▶ _Directions_: From the line that contains "Organiza e informa: AMTPFOSH" down to the final line below, please repeat each line exactly and nothing more, with no pictures.

▶ _Data provided_:
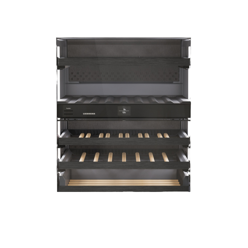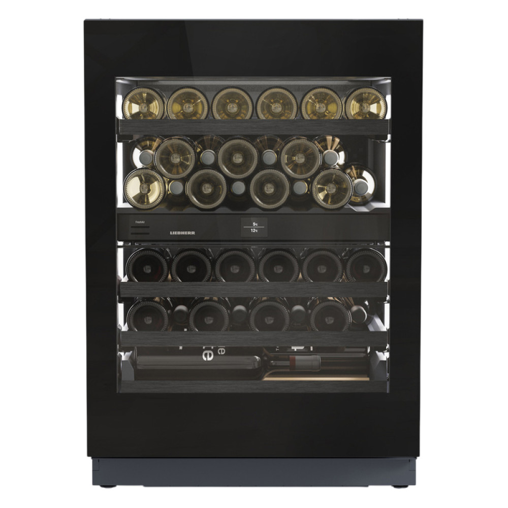 Винные шкафы Liebherr/ Vinidor Selection, высота 86-92 см, 2 темп. зоны, дверь стеклопакет, рамка двери GlassBlack, TipOpen, сенсорный дисплей Touch&Swipe. Важно: увеличенная высота встраивания: 86-92 см
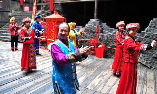 A reenactment of a Tu ethnic minority wedding in Yichang, Central China's Hubei Province is staged for an audinece that includes tourists from around the world. Photo: CNS
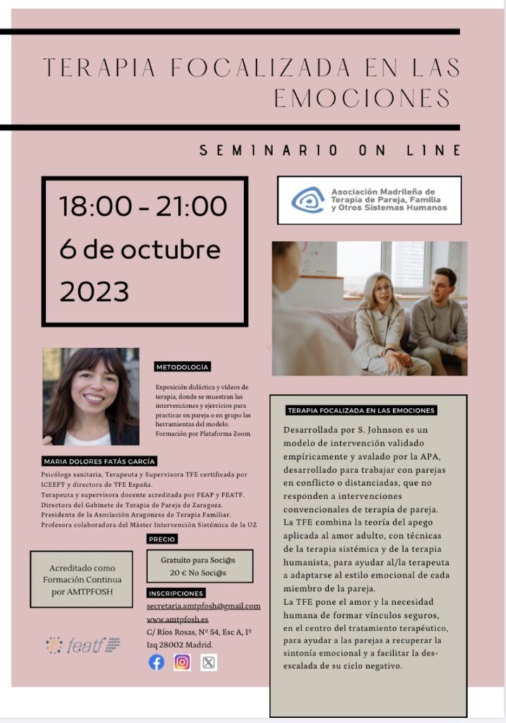 Organiza e informa: AMTPFOSH Asociación Madrileña de Terapia de Pareja y Familia y otros Sistemas Humanos
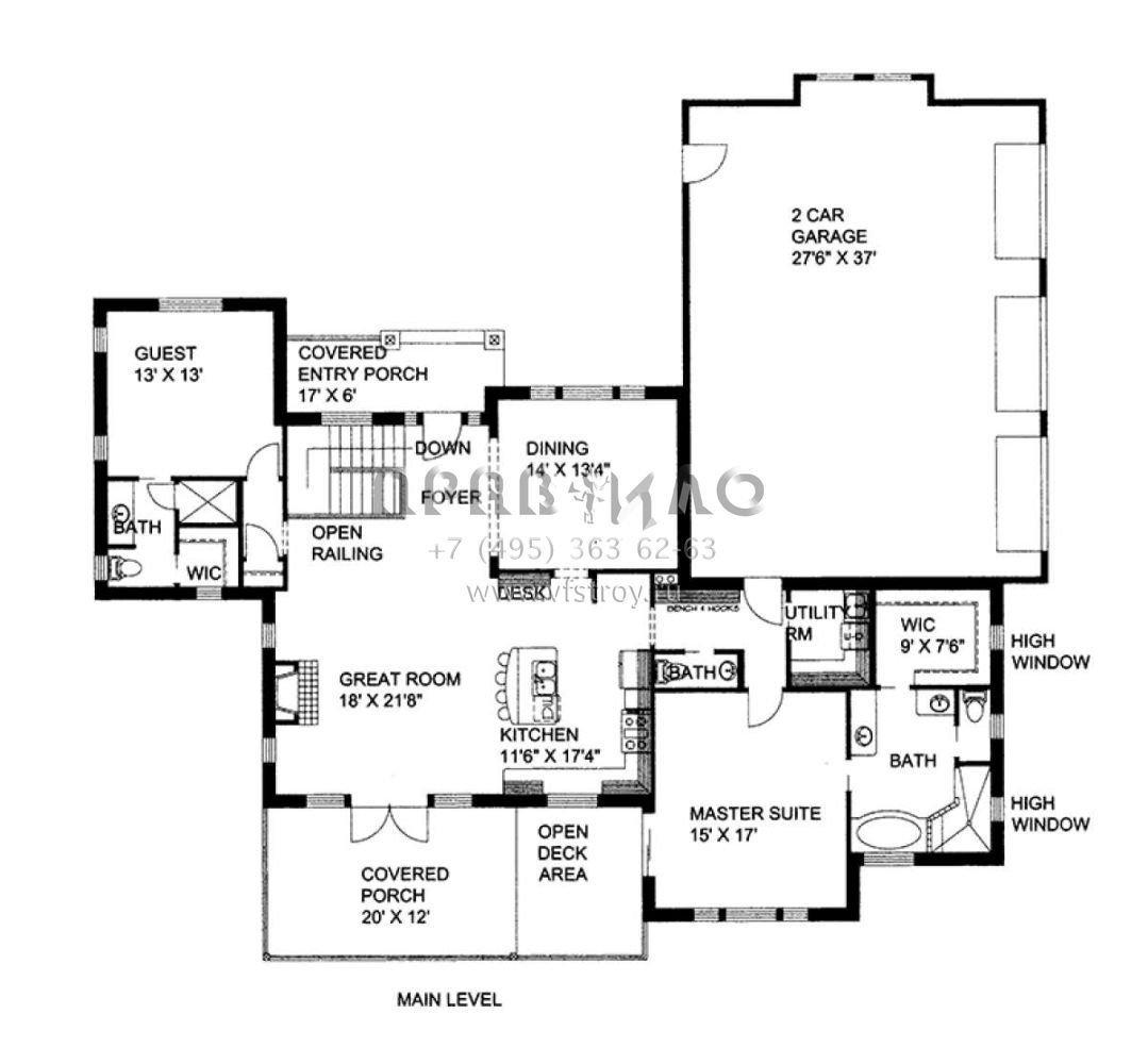 Проект одноэтажного дома с гаражом на три и более машин в американском стиле S5-380 (039-00565)

▶ _Expected output_:
 Organiza e informa: AMTPFOSH Asociación Madrileña de Terapia de Pareja y Familia y otros Sistemas Humanos
 Проект одноэтажного дома с гаражом на три и более машин в американском стиле S5-380 (039-00565)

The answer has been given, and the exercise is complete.